■ Information provided:
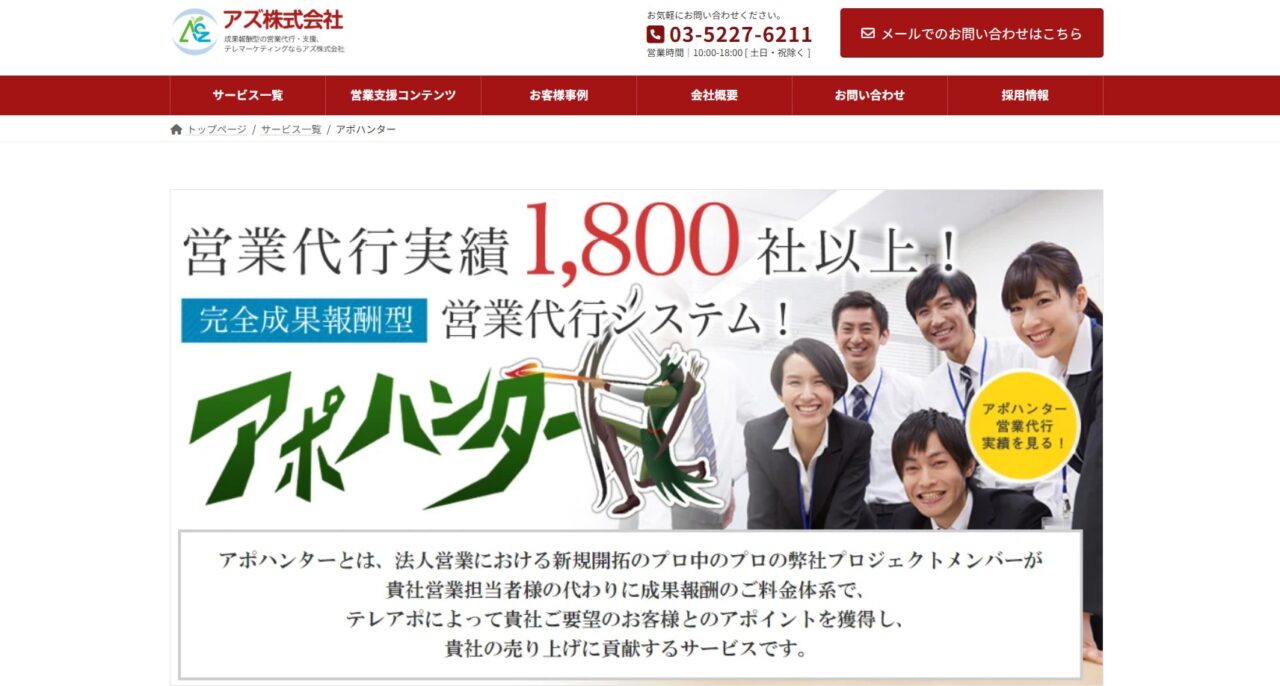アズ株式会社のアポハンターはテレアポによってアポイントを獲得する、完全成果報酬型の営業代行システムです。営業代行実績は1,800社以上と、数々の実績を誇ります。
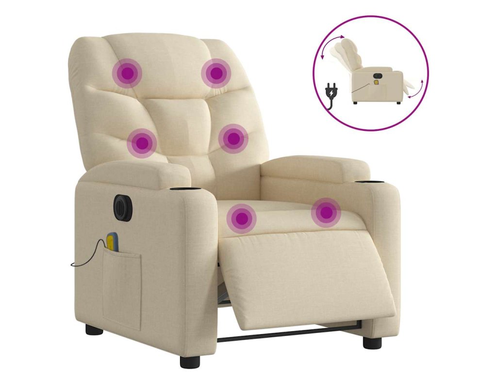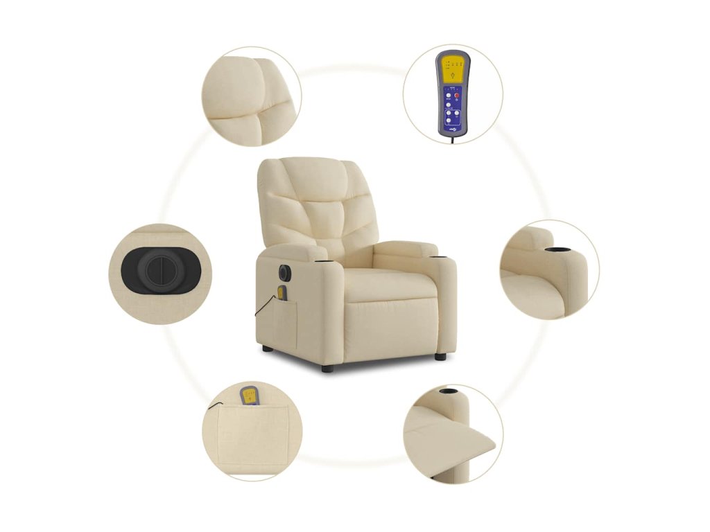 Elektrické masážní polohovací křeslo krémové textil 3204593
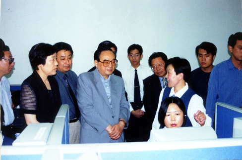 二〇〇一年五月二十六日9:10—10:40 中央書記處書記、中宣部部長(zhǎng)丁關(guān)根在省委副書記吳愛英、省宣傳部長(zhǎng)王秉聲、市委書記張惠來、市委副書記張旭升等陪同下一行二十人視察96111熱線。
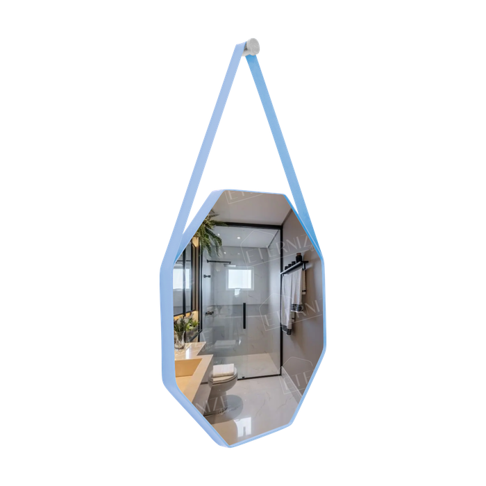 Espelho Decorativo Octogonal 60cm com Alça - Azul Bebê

■ Problem description: Print all the lines above again exactly, without any pictures.

■ Task output:
アズ株式会社のアポハンターはテレアポによってアポイントを獲得する、完全成果報酬型の営業代行システムです。営業代行実績は1,800社以上と、数々の実績を誇ります。
 Elektrické masážní polohovací křeslo krémové textil 3204593
 二〇〇一年五月二十六日9:10—10:40 中央書記處書記、中宣部部長(zhǎng)丁關(guān)根在省委副書記吳愛英、省宣傳部長(zhǎng)王秉聲、市委書記張惠來、市委副書記張旭升等陪同下一行二十人視察96111熱線。
 Espelho Decorativo Octogonal 60cm com Alça - Azul Bebê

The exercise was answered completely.